We read the Bible and see that Jesus taught his disciples to pray “the Lord’s Prayer” and we naturally think, “So, that’s what Jesus did and that’s how the prayer got started.” How could anyone devise complicated theories to arrive at any other viewpoint?

But here’s a catch.

If the Prayer was composed by Jesus and taught to his disciples, then it is the only thing of the kind he ever did. Jesus did not commit his teaching to writing because he believed that his disciples were, like St. Paul’s, his epistle written in fleshy tables of the heart, and that the Holy Spirit would guide them into all truth. To teach something by heart is the same in principle as to write it down, and there is no statement in the gospels that Jesus ever taught his disciples by heart any other thing than the Lord’s Prayer. Jesus might have made an exception in favour of a single prayer, but there is no very obvious reason why he should so have done.

Goulder, 32

Trust scholars to make things complicated. But this one is just getting started. I’ll paraphrase.
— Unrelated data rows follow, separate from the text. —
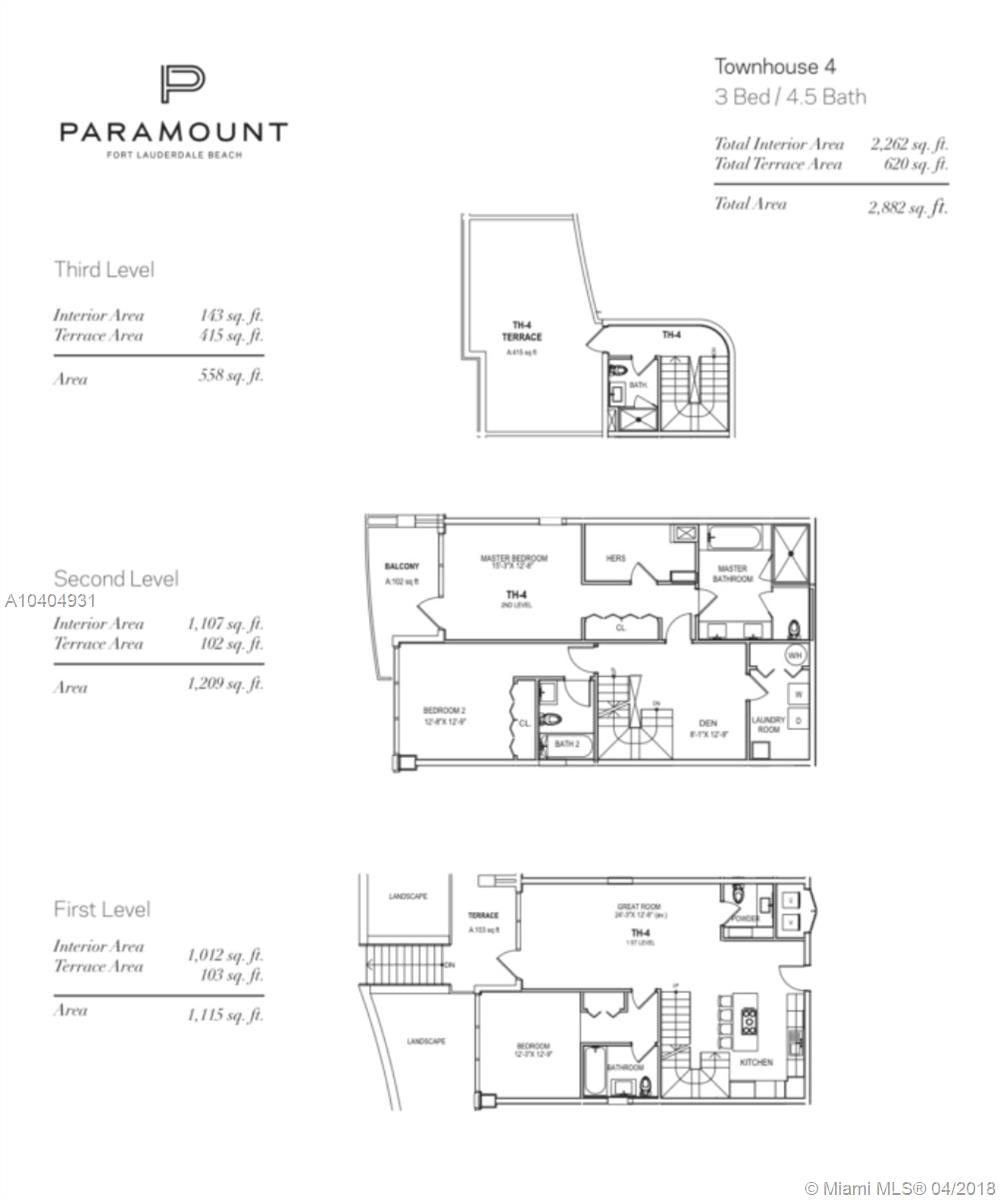 Stunning three level townhouse with private balcony in newly constructed and beach front Paramount Fort Lauderdale. Direct ocean access, full amenities, infinity pool, concierge service, integrated smart building technology, on-site restaurant. This is only ONE of six townhouses, currently the ONLY one available for sale. 3 bedrooms plus a den, 4.5 bathrooms, private terrace, impeccable finishes, high end appliances, superior design. MUST SEE AND EASY TO SHOW.
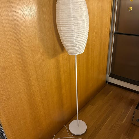 Kuvanmukainen valkoinen jalkalamppu tarpeettomana.
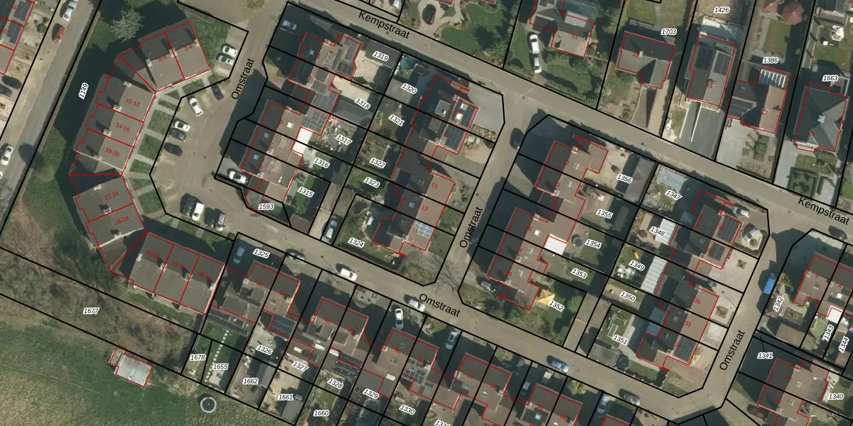 Het perceel waarop Omstraat 13 staat heeft een oppervlakte van 213 m². Dit is een middelgroot perceel. De perceeloppervlakte wordt geregistreerd door het Kadaster. Gedetailleerde informatie over de maten van dit perceel kunt u vinden in het rapport Kadastrale kaart met maatvoering van Omstraat 13.
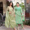 Bottom Heavy Calsule foil Print Full Neck Embroidery With 3 Side Patti work

If Jesus taught the Prayer then we can assume that the Twelve knew it by heart, and surely they taught their converts to learn it by heart, too. After all, this is the only thing Jesus told them to learn by heart, so they surely did so. Peter, James, John supervised the church in Jerusalem; Barnabas was their disciple in Jerusalem and apostle in Antioch. Paul, who worked with Barnabas, taught the same message, he insists, as the other apostles. At what point would variant versions of the prayer (as we have in two gospels) have arisen? Surely one of the apostles would have stepped in to fix things if he ever heard of the teaching being corrupted.

Matthew and Luke document different versions of the prayer but Mark, generally believed to be the earliest gospel, didn’t mention it. Strange, especially if it were the only thing, and presumably, therefore, the most important thing, that Jesus wanted them to learn to repeat. The absence of the Prayer in Mark becomes more problematic when we notice that three times Mark comes close to writing prayers that have distinct echoes of the Lord’s Prayer. So surely he could not have simply forgotten to mention Jesus’ teaching on this point. (In Mark 11:25-26 Jesus tells his disciples to forgive others when they pray or God won’t forgive them; in Mark 14:36 Jesus prays to his Father to remove a trial or temptation or test from him, and he then adds “thy will be done”.)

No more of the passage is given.